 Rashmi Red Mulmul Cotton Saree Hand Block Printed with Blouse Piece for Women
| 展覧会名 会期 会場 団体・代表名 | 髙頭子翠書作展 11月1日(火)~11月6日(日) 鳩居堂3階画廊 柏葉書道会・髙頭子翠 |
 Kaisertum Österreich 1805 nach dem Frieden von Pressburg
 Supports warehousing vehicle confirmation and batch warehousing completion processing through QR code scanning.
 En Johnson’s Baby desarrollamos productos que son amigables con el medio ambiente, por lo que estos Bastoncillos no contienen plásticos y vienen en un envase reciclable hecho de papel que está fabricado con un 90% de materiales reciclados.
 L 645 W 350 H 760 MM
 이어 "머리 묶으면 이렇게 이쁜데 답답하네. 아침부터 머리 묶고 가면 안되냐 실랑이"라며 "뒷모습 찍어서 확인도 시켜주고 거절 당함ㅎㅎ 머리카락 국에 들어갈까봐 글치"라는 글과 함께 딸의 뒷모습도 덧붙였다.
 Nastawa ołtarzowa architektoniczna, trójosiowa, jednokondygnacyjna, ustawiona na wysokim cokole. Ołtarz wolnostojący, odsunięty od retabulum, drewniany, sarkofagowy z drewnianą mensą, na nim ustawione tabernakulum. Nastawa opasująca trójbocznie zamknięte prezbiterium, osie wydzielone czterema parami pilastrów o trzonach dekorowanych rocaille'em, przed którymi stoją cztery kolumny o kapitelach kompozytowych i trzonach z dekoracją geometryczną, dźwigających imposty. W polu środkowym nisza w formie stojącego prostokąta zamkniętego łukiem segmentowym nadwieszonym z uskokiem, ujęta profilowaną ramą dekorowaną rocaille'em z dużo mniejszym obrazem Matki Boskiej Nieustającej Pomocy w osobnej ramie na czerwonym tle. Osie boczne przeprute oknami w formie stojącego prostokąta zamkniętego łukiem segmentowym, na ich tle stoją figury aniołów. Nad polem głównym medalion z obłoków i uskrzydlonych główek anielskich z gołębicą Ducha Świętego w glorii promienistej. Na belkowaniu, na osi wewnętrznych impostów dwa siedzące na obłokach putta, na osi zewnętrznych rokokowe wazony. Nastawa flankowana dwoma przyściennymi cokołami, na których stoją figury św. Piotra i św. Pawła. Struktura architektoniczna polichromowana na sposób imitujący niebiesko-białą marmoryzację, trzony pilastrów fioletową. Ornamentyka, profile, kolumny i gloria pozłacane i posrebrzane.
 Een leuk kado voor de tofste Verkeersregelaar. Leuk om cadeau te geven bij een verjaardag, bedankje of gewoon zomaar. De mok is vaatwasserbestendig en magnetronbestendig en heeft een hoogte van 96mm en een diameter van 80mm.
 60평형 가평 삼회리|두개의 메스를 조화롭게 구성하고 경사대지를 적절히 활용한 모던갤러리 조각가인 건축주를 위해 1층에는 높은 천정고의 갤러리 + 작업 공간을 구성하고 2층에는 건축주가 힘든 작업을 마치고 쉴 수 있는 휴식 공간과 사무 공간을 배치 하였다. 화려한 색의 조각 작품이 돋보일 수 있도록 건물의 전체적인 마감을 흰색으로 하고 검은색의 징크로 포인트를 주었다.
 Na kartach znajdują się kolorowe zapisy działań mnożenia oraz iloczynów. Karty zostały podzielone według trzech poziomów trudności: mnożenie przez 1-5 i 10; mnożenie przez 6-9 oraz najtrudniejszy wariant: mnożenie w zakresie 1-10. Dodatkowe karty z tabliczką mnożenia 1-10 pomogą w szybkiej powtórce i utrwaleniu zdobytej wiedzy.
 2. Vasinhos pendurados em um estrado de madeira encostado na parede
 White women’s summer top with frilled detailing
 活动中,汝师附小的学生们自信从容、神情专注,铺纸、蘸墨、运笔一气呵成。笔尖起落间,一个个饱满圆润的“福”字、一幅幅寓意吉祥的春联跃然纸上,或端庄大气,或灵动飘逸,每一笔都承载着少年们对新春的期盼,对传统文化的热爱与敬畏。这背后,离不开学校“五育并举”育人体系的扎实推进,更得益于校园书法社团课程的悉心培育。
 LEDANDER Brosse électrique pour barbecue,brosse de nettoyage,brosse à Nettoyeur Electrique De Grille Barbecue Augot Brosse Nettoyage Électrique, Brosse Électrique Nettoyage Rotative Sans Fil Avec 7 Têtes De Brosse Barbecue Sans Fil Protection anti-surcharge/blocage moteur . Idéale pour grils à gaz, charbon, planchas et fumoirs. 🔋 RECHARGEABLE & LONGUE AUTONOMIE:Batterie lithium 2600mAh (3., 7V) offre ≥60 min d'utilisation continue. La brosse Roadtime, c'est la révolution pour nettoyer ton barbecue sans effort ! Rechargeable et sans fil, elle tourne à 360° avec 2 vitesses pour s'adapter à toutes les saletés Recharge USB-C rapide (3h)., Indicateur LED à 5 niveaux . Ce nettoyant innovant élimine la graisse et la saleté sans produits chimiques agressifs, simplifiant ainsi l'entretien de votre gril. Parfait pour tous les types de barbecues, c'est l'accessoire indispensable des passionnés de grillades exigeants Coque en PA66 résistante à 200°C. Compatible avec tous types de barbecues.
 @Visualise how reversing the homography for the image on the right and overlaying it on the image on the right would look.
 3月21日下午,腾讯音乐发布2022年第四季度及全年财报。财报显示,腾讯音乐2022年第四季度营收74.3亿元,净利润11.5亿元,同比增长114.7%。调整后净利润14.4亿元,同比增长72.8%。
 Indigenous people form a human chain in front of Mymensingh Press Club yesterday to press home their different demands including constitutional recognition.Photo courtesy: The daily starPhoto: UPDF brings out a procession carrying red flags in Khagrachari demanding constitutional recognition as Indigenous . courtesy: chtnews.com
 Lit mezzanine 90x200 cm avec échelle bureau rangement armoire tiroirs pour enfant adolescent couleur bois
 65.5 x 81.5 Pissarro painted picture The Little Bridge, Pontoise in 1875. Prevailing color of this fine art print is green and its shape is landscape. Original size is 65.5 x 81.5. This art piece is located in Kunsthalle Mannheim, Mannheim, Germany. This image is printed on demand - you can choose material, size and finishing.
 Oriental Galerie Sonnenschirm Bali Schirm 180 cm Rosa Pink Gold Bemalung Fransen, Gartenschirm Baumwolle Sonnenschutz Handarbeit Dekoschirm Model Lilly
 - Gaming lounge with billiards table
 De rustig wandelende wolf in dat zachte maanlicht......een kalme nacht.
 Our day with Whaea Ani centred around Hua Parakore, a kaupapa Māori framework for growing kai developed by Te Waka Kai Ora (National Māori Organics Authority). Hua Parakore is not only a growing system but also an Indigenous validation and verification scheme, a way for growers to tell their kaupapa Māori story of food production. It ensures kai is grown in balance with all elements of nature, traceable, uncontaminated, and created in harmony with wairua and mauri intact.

————

[WHAT YOU SHOULD DO]:
Every line of the data is to be printed again exactly.

[WRITTEN ANSWER]:
 Rashmi Red Mulmul Cotton Saree Hand Block Printed with Blouse Piece for Women
| 展覧会名 会期 会場 団体・代表名 | 髙頭子翠書作展 11月1日(火)~11月6日(日) 鳩居堂3階画廊 柏葉書道会・髙頭子翠 |
 Kaisertum Österreich 1805 nach dem Frieden von Pressburg
 Supports warehousing vehicle confirmation and batch warehousing completion processing through QR code scanning.
 En Johnson’s Baby desarrollamos productos que son amigables con el medio ambiente, por lo que estos Bastoncillos no contienen plásticos y vienen en un envase reciclable hecho de papel que está fabricado con un 90% de materiales reciclados.
 L 645 W 350 H 760 MM
 이어 "머리 묶으면 이렇게 이쁜데 답답하네. 아침부터 머리 묶고 가면 안되냐 실랑이"라며 "뒷모습 찍어서 확인도 시켜주고 거절 당함ㅎㅎ 머리카락 국에 들어갈까봐 글치"라는 글과 함께 딸의 뒷모습도 덧붙였다.
 Nastawa ołtarzowa architektoniczna, trójosiowa, jednokondygnacyjna, ustawiona na wysokim cokole. Ołtarz wolnostojący, odsunięty od retabulum, drewniany, sarkofagowy z drewnianą mensą, na nim ustawione tabernakulum. Nastawa opasująca trójbocznie zamknięte prezbiterium, osie wydzielone czterema parami pilastrów o trzonach dekorowanych rocaille'em, przed którymi stoją cztery kolumny o kapitelach kompozytowych i trzonach z dekoracją geometryczną, dźwigających imposty. W polu środkowym nisza w formie stojącego prostokąta zamkniętego łukiem segmentowym nadwieszonym z uskokiem, ujęta profilowaną ramą dekorowaną rocaille'em z dużo mniejszym obrazem Matki Boskiej Nieustającej Pomocy w osobnej ramie na czerwonym tle. Osie boczne przeprute oknami w formie stojącego prostokąta zamkniętego łukiem segmentowym, na ich tle stoją figury aniołów. Nad polem głównym medalion z obłoków i uskrzydlonych główek anielskich z gołębicą Ducha Świętego w glorii promienistej. Na belkowaniu, na osi wewnętrznych impostów dwa siedzące na obłokach putta, na osi zewnętrznych rokokowe wazony. Nastawa flankowana dwoma przyściennymi cokołami, na których stoją figury św. Piotra i św. Pawła. Struktura architektoniczna polichromowana na sposób imitujący niebiesko-białą marmoryzację, trzony pilastrów fioletową. Ornamentyka, profile, kolumny i gloria pozłacane i posrebrzane.
 Een leuk kado voor de tofste Verkeersregelaar. Leuk om cadeau te geven bij een verjaardag, bedankje of gewoon zomaar. De mok is vaatwasserbestendig en magnetronbestendig en heeft een hoogte van 96mm en een diameter van 80mm.
 60평형 가평 삼회리|두개의 메스를 조화롭게 구성하고 경사대지를 적절히 활용한 모던갤러리 조각가인 건축주를 위해 1층에는 높은 천정고의 갤러리 + 작업 공간을 구성하고 2층에는 건축주가 힘든 작업을 마치고 쉴 수 있는 휴식 공간과 사무 공간을 배치 하였다. 화려한 색의 조각 작품이 돋보일 수 있도록 건물의 전체적인 마감을 흰색으로 하고 검은색의 징크로 포인트를 주었다.
 Na kartach znajdują się kolorowe zapisy działań mnożenia oraz iloczynów. Karty zostały podzielone według trzech poziomów trudności: mnożenie przez 1-5 i 10; mnożenie przez 6-9 oraz najtrudniejszy wariant: mnożenie w zakresie 1-10. Dodatkowe karty z tabliczką mnożenia 1-10 pomogą w szybkiej powtórce i utrwaleniu zdobytej wiedzy.
 2. Vasinhos pendurados em um estrado de madeira encostado na parede
 White women’s summer top with frilled detailing
 活动中,汝师附小的学生们自信从容、神情专注,铺纸、蘸墨、运笔一气呵成。笔尖起落间,一个个饱满圆润的“福”字、一幅幅寓意吉祥的春联跃然纸上,或端庄大气,或灵动飘逸,每一笔都承载着少年们对新春的期盼,对传统文化的热爱与敬畏。这背后,离不开学校“五育并举”育人体系的扎实推进,更得益于校园书法社团课程的悉心培育。
 LEDANDER Brosse électrique pour barbecue,brosse de nettoyage,brosse à Nettoyeur Electrique De Grille Barbecue Augot Brosse Nettoyage Électrique, Brosse Électrique Nettoyage Rotative Sans Fil Avec 7 Têtes De Brosse Barbecue Sans Fil Protection anti-surcharge/blocage moteur . Idéale pour grils à gaz, charbon, planchas et fumoirs. 🔋 RECHARGEABLE & LONGUE AUTONOMIE:Batterie lithium 2600mAh (3., 7V) offre ≥60 min d'utilisation continue. La brosse Roadtime, c'est la révolution pour nettoyer ton barbecue sans effort ! Rechargeable et sans fil, elle tourne à 360° avec 2 vitesses pour s'adapter à toutes les saletés Recharge USB-C rapide (3h)., Indicateur LED à 5 niveaux . Ce nettoyant innovant élimine la graisse et la saleté sans produits chimiques agressifs, simplifiant ainsi l'entretien de votre gril. Parfait pour tous les types de barbecues, c'est l'accessoire indispensable des passionnés de grillades exigeants Coque en PA66 résistante à 200°C. Compatible avec tous types de barbecues.
 @Visualise how reversing the homography for the image on the right and overlaying it on the image on the right would look.
 3月21日下午,腾讯音乐发布2022年第四季度及全年财报。财报显示,腾讯音乐2022年第四季度营收74.3亿元,净利润11.5亿元,同比增长114.7%。调整后净利润14.4亿元,同比增长72.8%。
 Indigenous people form a human chain in front of Mymensingh Press Club yesterday to press home their different demands including constitutional recognition.Photo courtesy: The daily starPhoto: UPDF brings out a procession carrying red flags in Khagrachari demanding constitutional recognition as Indigenous . courtesy: chtnews.com
 Lit mezzanine 90x200 cm avec échelle bureau rangement armoire tiroirs pour enfant adolescent couleur bois
 65.5 x 81.5 Pissarro painted picture The Little Bridge, Pontoise in 1875. Prevailing color of this fine art print is green and its shape is landscape. Original size is 65.5 x 81.5. This art piece is located in Kunsthalle Mannheim, Mannheim, Germany. This image is printed on demand - you can choose material, size and finishing.
 Oriental Galerie Sonnenschirm Bali Schirm 180 cm Rosa Pink Gold Bemalung Fransen, Gartenschirm Baumwolle Sonnenschutz Handarbeit Dekoschirm Model Lilly
 - Gaming lounge with billiards table
 De rustig wandelende wolf in dat zachte maanlicht......een kalme nacht.
 Our day with Whaea Ani centred around Hua Parakore, a kaupapa Māori framework for growing kai developed by Te Waka Kai Ora (National Māori Organics Authority). Hua Parakore is not only a growing system but also an Indigenous validation and verification scheme, a way for growers to tell their kaupapa Māori story of food production. It ensures kai is grown in balance with all elements of nature, traceable, uncontaminated, and created in harmony with wairua and mauri intact.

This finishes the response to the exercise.